I say take advantage of the opportunities given you. :)
Seriously, when are people going to realize that your 'Credit Report' is the biggest fraud in history. It's meaningless. Absolutely meaningless. Your assets are far more important to any bank of loan than your credit score. If you have a steady job, and regularly make you bill payments you will have no problem getting a mortgage or a car loan. If you don't have a job, but have excellent credit, you are still going to have a hard time getting any type of loan.
Your 'Credit Report' is meaningless, and it's a fraud. Don't worry about it. Instead, live beneath your means, have a healthy savings, keep your insurance current, and your credit report will take care of itself.
@oneandone:
That's what I'd do. Just cut them up and don't use them anymore, but keep the accounts open. I have some that have just sat open and unused for years.
@zekebullseye: That's a good idea too, but beware any cards you have that impose annual fees, or even worse, "inactivity" fees. Leaving the accounts open can present you with another host of problems. If they slap a fee on your account and you don't become aware of it because you've cut them up and aren't as vigilant about them any more, they can and will send you to collection for those unpaid fees.

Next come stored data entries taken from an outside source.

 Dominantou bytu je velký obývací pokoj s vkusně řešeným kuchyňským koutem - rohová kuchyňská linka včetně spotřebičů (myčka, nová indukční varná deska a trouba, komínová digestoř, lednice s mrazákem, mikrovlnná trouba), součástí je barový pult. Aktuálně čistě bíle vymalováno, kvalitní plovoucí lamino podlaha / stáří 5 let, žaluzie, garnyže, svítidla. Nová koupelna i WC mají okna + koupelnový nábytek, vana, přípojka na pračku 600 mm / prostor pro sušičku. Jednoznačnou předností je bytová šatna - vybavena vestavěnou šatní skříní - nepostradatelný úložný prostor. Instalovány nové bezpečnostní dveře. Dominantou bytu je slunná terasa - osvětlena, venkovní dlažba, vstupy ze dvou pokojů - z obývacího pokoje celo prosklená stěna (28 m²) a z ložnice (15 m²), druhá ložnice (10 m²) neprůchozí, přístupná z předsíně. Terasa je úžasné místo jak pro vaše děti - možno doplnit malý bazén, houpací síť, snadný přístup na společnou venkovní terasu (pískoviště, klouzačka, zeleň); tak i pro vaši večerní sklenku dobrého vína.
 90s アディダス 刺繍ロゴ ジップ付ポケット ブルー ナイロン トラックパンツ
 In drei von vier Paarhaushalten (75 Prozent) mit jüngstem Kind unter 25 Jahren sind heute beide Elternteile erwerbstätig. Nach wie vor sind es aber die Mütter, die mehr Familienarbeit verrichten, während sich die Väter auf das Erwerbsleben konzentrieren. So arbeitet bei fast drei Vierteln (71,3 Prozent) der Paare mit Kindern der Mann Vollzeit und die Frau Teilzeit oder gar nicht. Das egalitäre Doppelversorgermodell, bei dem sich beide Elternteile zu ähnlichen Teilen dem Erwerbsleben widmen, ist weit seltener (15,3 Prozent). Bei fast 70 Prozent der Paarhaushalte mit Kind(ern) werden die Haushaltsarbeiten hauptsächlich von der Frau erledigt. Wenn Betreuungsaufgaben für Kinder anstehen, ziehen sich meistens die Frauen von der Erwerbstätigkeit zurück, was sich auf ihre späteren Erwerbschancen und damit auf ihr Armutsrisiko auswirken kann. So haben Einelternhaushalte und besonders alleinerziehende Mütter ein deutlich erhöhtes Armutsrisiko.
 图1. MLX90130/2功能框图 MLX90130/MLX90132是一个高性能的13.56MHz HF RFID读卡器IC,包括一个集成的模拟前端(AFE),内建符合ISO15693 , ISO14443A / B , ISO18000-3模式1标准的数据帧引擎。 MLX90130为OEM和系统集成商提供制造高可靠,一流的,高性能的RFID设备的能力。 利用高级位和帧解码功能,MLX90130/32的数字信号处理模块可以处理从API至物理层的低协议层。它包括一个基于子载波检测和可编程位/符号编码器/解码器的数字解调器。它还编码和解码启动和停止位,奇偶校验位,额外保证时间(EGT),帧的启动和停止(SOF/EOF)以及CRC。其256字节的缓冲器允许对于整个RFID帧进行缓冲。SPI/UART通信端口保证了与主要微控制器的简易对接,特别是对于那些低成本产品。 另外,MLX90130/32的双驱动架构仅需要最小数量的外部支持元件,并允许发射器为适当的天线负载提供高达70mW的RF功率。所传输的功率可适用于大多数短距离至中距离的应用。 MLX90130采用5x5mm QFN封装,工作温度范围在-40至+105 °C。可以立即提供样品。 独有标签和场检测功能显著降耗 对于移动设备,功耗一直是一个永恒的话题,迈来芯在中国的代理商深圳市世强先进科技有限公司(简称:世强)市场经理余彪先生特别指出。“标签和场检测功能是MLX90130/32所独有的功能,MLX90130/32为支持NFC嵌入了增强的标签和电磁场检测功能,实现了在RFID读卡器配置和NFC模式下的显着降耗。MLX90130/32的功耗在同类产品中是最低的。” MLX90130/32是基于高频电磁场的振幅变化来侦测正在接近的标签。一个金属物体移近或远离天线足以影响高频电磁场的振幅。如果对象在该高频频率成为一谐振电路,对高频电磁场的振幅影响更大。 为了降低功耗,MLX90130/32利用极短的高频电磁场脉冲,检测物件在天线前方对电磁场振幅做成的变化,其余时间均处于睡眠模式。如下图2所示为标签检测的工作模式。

I have, what may be a naive question, but does anyone actually KNOW, for a fact the algorithm that FICO uses to calculate credit scores? Isn't the company private and their credit rating algorithm a trade secret as is the 3 other companies that offer credit ratings?

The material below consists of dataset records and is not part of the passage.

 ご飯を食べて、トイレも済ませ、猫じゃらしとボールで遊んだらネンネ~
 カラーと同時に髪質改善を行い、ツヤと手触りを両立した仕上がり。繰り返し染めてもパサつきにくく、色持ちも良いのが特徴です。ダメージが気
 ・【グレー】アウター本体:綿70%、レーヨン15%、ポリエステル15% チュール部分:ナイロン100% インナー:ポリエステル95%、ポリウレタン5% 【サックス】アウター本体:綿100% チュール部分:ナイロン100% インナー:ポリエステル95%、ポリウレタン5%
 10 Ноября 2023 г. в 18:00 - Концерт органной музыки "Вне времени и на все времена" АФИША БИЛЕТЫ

Isn't what all this advice amounts to is a theory of how credit scores "may" be calculated?
@chuloallen: I tried to see what would happen if I closed my oldest account, it didn't change anything.
@jdsmn: I would take the pay off offer. If you have some revolving credit history and already have 4 credit cards, chances are you have a good credit report & score.
Why pay a higher interest rate to Sallie Mae or Citibank? For a credit score? Just wouldn't make sense.
I'd take a student loan pay off in a second.
@dallasmay: I do find that having a great credit score has definitely gotten me apartments, since most people seem to have bad or poor credit. I'm a freelancer and rarely have a steady source of income, but it reassures people when despite your lack of employment you still have an excellent credit score.











I don't really have anything to contribute as far as credit scores go, but I just wanted to say that the accompanying photo is amazing and has had me trying to hold back all of my laughter for the last five minutes. I was kind of having a crappy day, this photo brightened it just a little.